A Quick overview of VXLAN
VXLAN is a tunneling mechanism which can take a Layer 2 frame or a Layer 3 packet, encapsulate it with an IP header and route it to some other VXLAN Tunnel Endpoint (VTEP) for decapsulation. VXLAN is often referred to as MAC-in-IP because we fundamentally do just that – put a MAC address inside of an IP address. The VXLAN header includes a 24-bit field called the VXLAN Network Identifier (VNI), which allows us to have up to 16 million layer 2 domain – much more than the 4096 limit with classic VLANs!
Take the diagram below for example, where we have two hosts on the same VLAN, but the links between the racks are Layer 3 routed. The hosts can be on the same VLAN and reach each other (ping) at Layer 2 by encapsulating the traffic in VXLAN and delivering it to the appropriate switches.

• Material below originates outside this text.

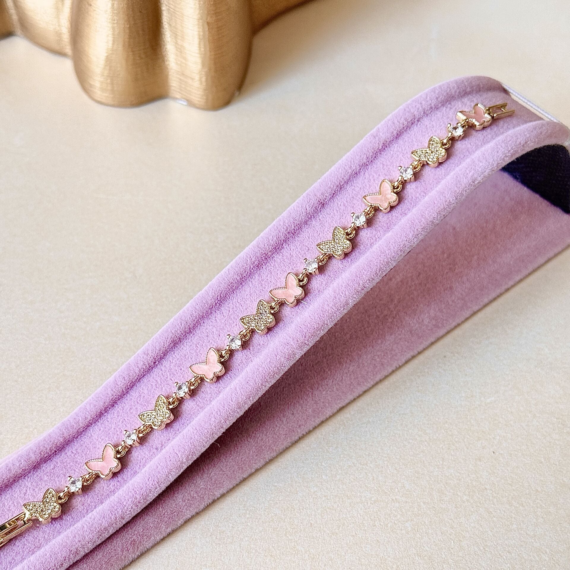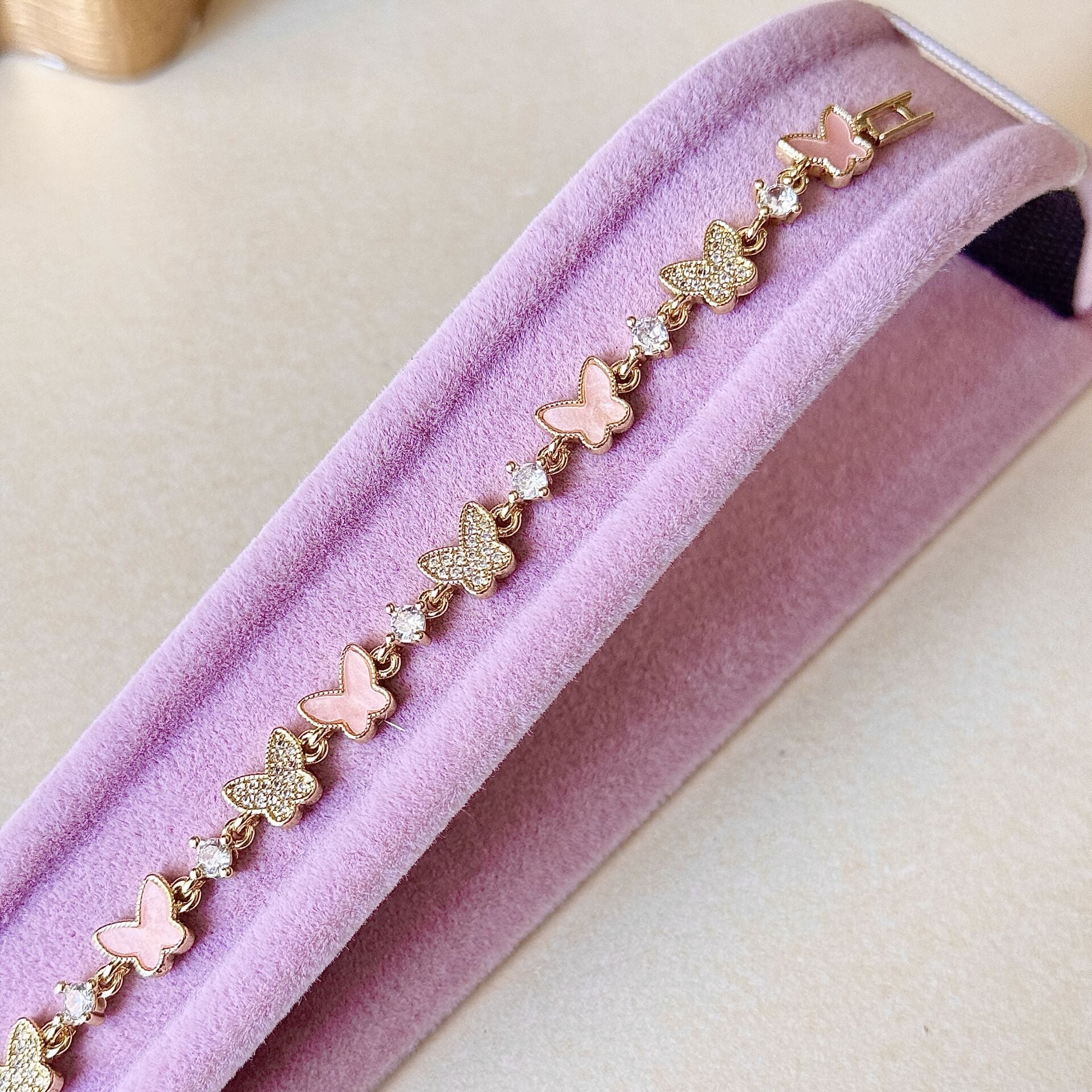 Gold kelebek detaylı bileklik, taşlı ve mine detaylı kelebek figürleriyle bilekte canlı ve dikkat çekici bir görünüm sunar Renkli ve ışıltılı yapısı sayesinde klasik modellerden ayrılır
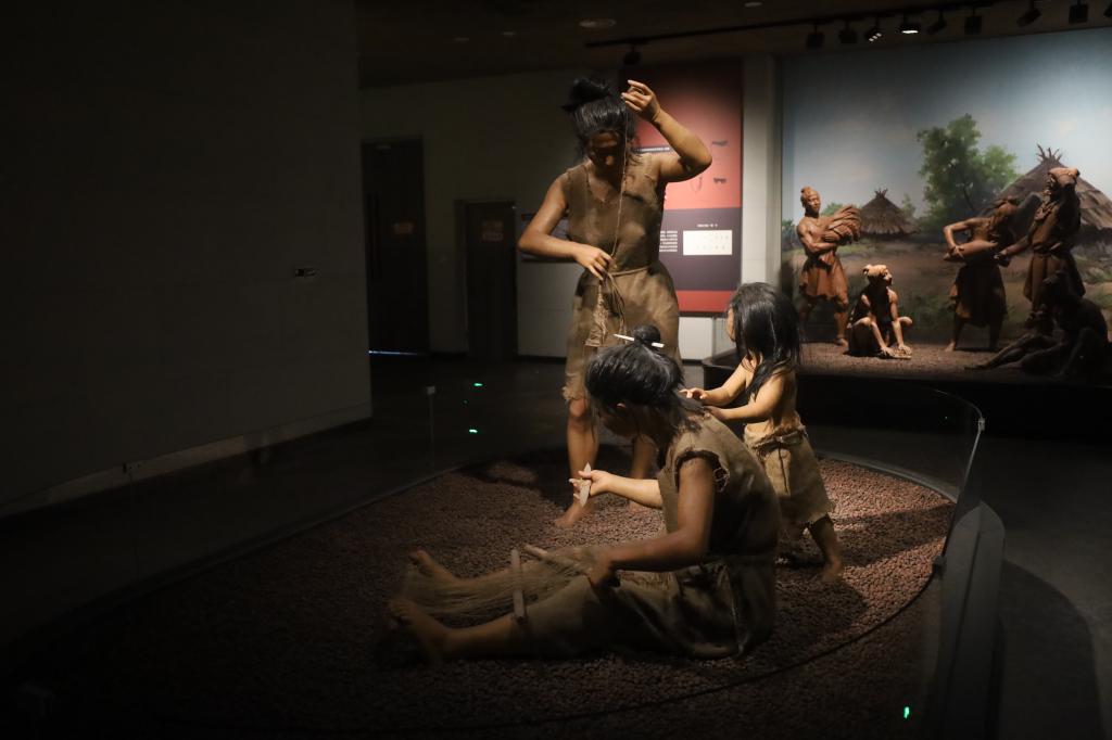 展区的墙面配有图文展板,详细介绍了工具的制作工艺与使用场景。例如,石器制作中的“打制法”与“磨制法”对比图示,清晰展示了从粗糙的石料到实用工具的转变过程。此外,互动屏幕播放着先民使用工具狩猎、农耕的动画场景,让参观者直观感受工具在原始生活中的重要性。

- Host 10.0.0.1 initiates ping to 10.0.0.2
- ICMP (ping) is encapsulated IP, with the source address set to 10.0.0.1 and destination set to 10.0.0.2
- IP is placed inside of an Ethernet header, with source MAC of f8be and destination MAC of a271
- Device running VXLAN receives the packet, looks up the MAC and see’s the destination interface as the VTEP, then encapsulates the data, adding a VXLAN header
- A UDP header followed by an IP header is attached to the VXLAN packet, with the source IP being the local VXLAN Endpoint (VTEP) IP of 192.168.56.11 with the destination as the remote VXLAN Endpoint (VTEP) of 192.168.56.12
- The packet is tunneled across an IP core, which knows how to get to the IP address of each VTEP
- Upon receiving the VXLAN packet, the VTEP strips off the VXLAN header and looks up the destination MAC address
- The packet is forwarded to the host
We aren’t limited to just encapsulating L2 MACs – we can also encapsulate L3 IPs in VXLAN and deliver it to some remote VTEP. This flexibility is synonymous with MPLS L2VPNs and MPLS L3VPNs. More on this later.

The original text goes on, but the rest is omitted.